But that may change if a lawsuit filed in federal court last month by Verizon survives the FCC’s motion to dismiss.  Indeed, if this case were to reach the Supreme Court, it might provide yet another example, a la Citizens United, of laws or regulations undone because of their constitutional infirmities.

So what are the First Amendment problems with the net neutrality regulations?  Broadly speaking, there are two: The regulations fail to recognize that broadband ISPs are speakers for First Amendment purposes; and they interject the government into private decisions about speech.

Commissioner McDowell elaborated on this first point in some detail in delivering his dissenting opinion.  “I question,” he said, “the Order’s breezy assertion that broadband ISPs perform no editorial function worthy of constitutional recognition.”

It is undisputed that broadband ISPs merit First Amendment protection when using their own platforms to provide multichannel video programming services and similar offerings.  The Order acknowledges as much but simply asserts that the new regulations will leave broadband ISPs sufficient room to speak in this fashion – unless, of course, hints elsewhere in the document concerning capacity usage come to pass.  So while the Order concedes, as it must, that network management regulation could well be subject to heightened First Amendment review, it disregards the most significant hurdle posed by even the intermediate scrutiny standard.  The Order devotes all its sparse discussion to the first prong of the intermediate scrutiny test, the “substantial” government interest, while wholly failing to address the second and typically most difficult prong for the government to satisfy: demonstrating that the regulatory means chosen does not “burden substantially more speech than is necessary.”

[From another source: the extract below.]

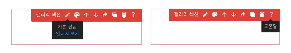 디자인 편집 도구의 섹션별 태그에 '도움말'을 추가하여 관련 안내서를 빠르게 확인할 수 있습니다.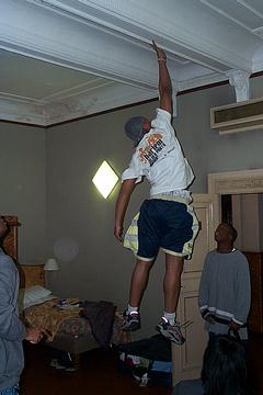 And the bet... (could Oba touch the ceiling) was completed.. yes he could touch the ceiling.. well at least part of it.

In comments submitted to the FCC by Time Warner Cable, Harvard constitutional scholar Laurence Tribe, who served as a judicial adviser to President Obama’s election campaign, made a number of kindred observations about net neutrality and the Constitution.  Two paragraphs, in particular, are of special note:

Net neutrality proposals rest on the mistaken premise that the Constitution gives the government a role in ensuring that the voices of various speakers receive equivalent attention and that audiences receive equal access to all speakers.  In fact, a central purpose of the First Amendment is to prevent the government from making just such choices about private speech, including decisions about what amount of any given kind of speech is optimal.  Inconsistent with that purpose is any notion that government might properly limit private decisions, such as those by BSPs (broadband service providers) regarding the control of their networks, in order to widen the access of some to the avenues of speech or to swell the aggregate amount of speech beyond whatever would result from the decisions of private speakers enjoying “absolute freedom from First Amendment constraints.”…

Many net neutrality proponents argue that BSPs are not actually engaging in speech that implicates the First Amendment.  But they are incorrect.  The Constitution applies equally even outside traditional print or electronic media, so that, for example, the government cannot require an individual to open his doors and turn his home into a forum for protesters.  Further, like a newspaper, a BSP has a limited capacity to distribute information and accordingly enjoys the right to decide how to apportion that space.  And as noted, BSPs make decisions about the delivery of particular content as they continue to innovate in the products, services, and business models they employ.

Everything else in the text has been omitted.